Molecular Bio-Computation & Drug Design Lab, School of Health Sciences, University of KwaZulu-Natal, Westville, Durban, 4000, South Africa.
Faculté Des Sciences Semlalia, Département de Chimie, Université Cadi Ayyad, Av. My Abdellah, BP2390, Marrakech, Morocco.
Protein J. 2020 Apr;39(2):97-105. doi: 10.1007/s10930-020-09884-2.

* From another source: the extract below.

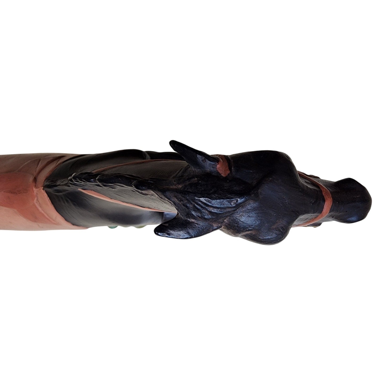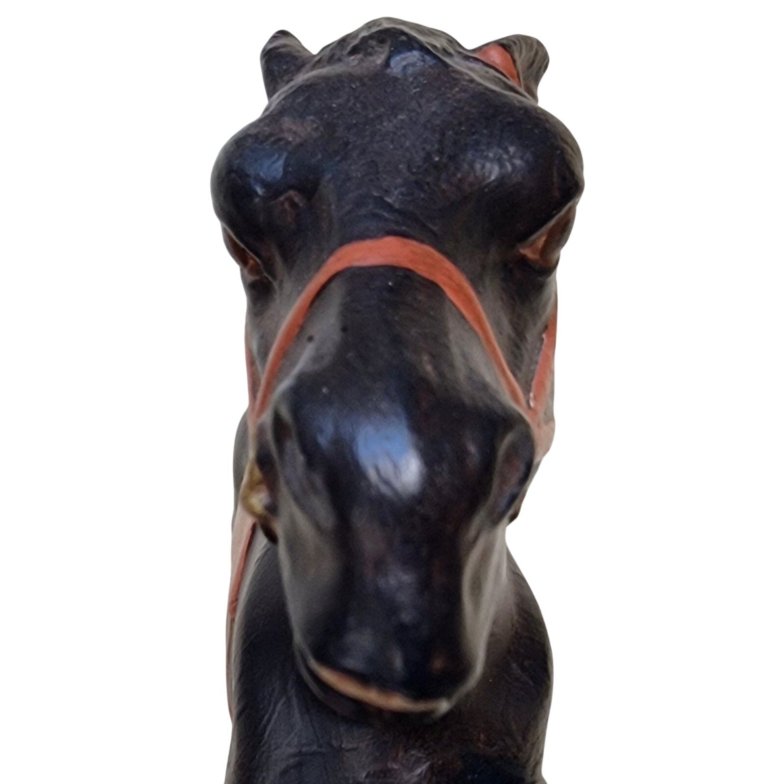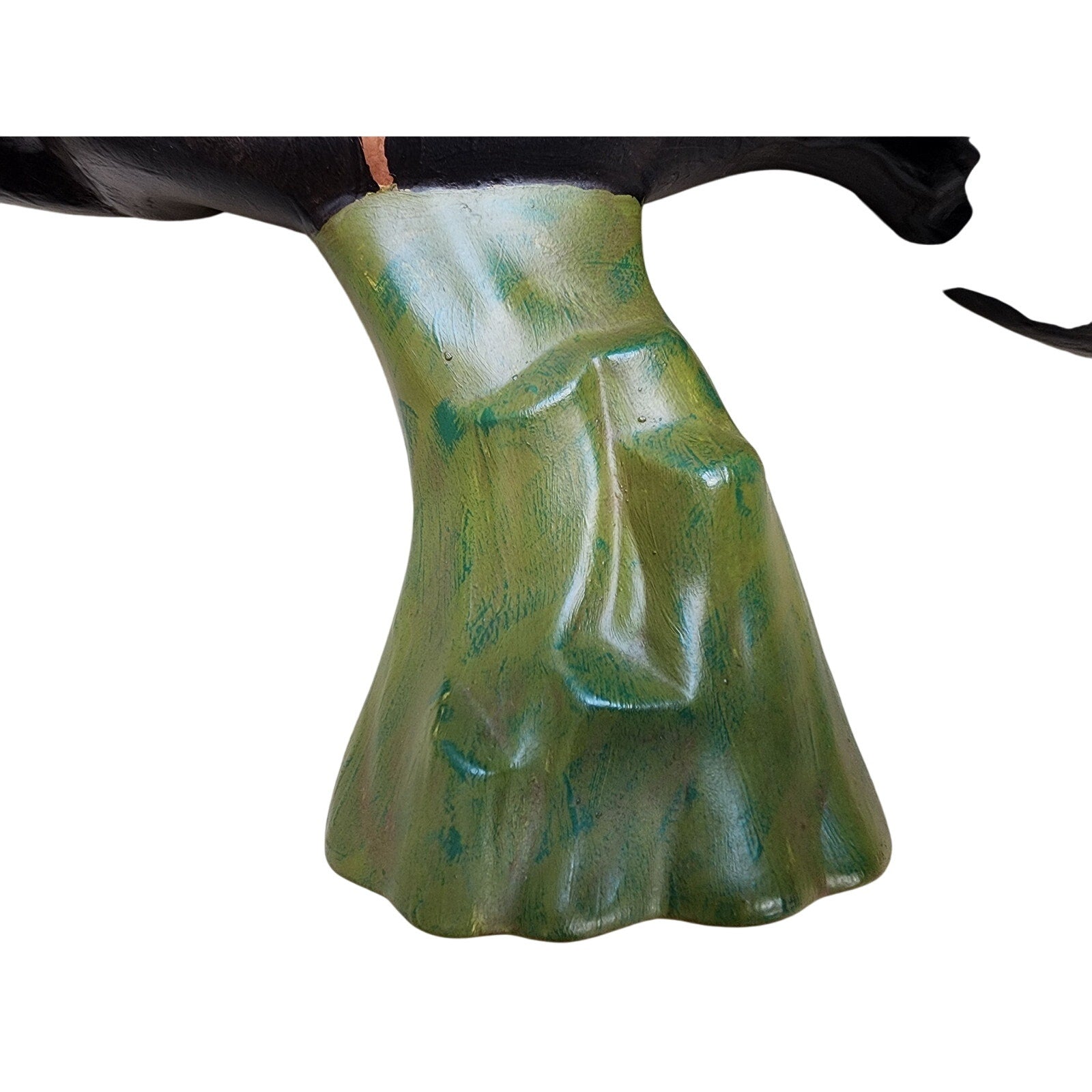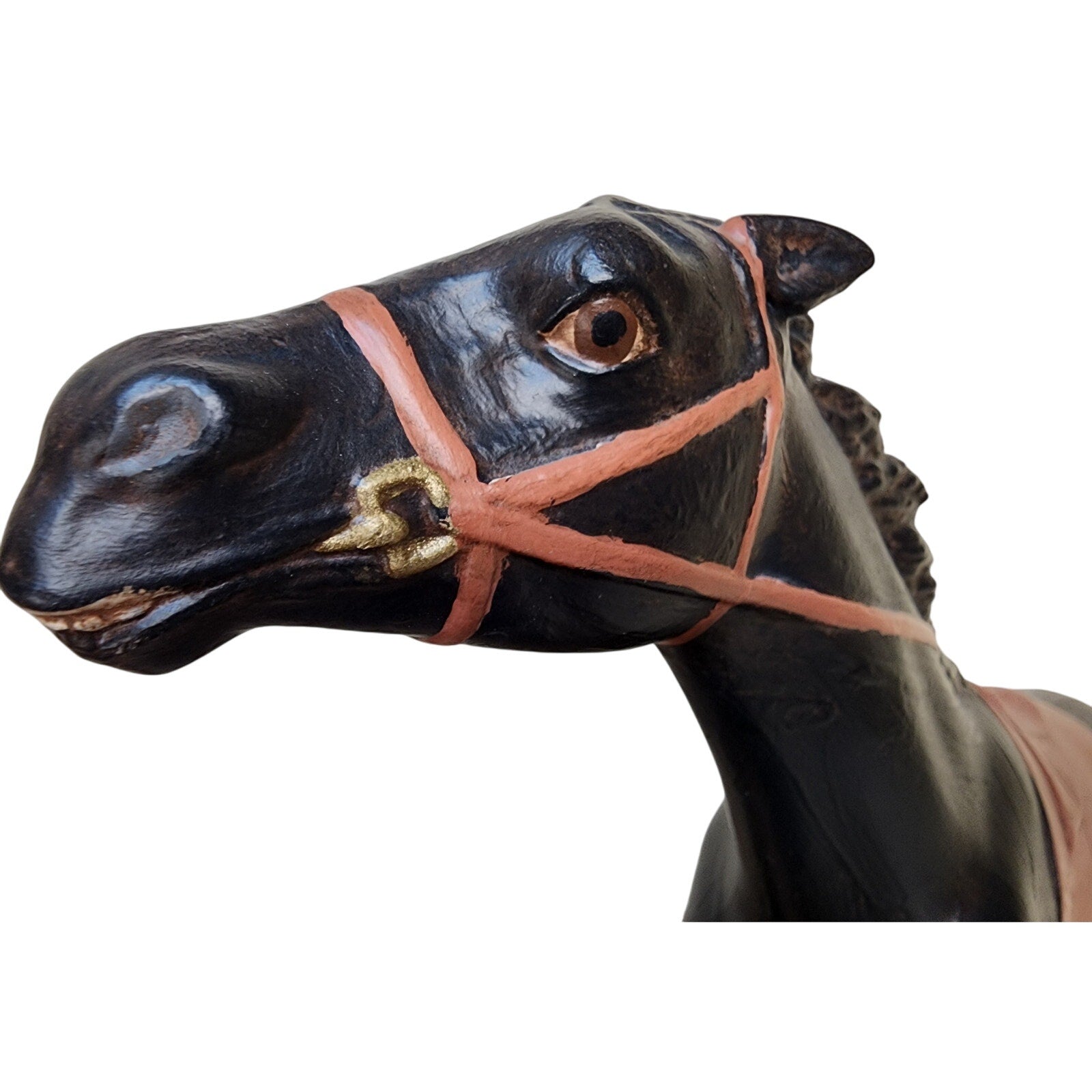 Hand Painted Ceramic Horse Figurine Running Action Black w/ Saddle 15.5”

The pace and efficiency of drug target strategies have been emanating debates among researchers in the field of drug development. Covalent inhibitors possess significant advantages over non-covalent inhibitors, such that covalent warheads can target rare residues of a particular target protein, thus leading to the development of highly selective inhibitors. However, toxicity can be a real challenge related to this class of therapeutics. From the challenges of irreversible drug toxicity to the declining reactivity of reversible drugs, herein we provide justifications from the computational point of view. It was evident that both classes had its merits; however, with the increase in drug resistance, covalent inhibition seemed more suitable. There also seems to be enhanced selectivity of the covalent systems, proving its use as a therapeutic regimen worldwide. We believe that this study will assist researchers in making informed decisions on which drug class to choose as lead compounds in the drug discovery pipeline.
药物靶点策略的速度和效率一直在引发药物开发领域研究人员的争论。共价抑制剂相对于非共价抑制剂具有显著优势,使得共价弹头可以靶向特定靶蛋白的罕见残基,从而开发出高选择性抑制剂。然而,毒性可能是与这类治疗剂相关的一个真正挑战。从不可逆药物毒性的挑战到可逆药物反应性的下降,本文从计算角度提供了理由。显然,这两类药物都有其优点;然而,随着耐药性的增加,共价抑制似乎更合适。共价系统的选择性似乎也有所提高,证明了它在全球范围内作为一种治疗方案的应用。我们相信,这项研究将帮助研究人员在药物发现管道中选择哪个药物类别作为先导化合物做出明智的决策。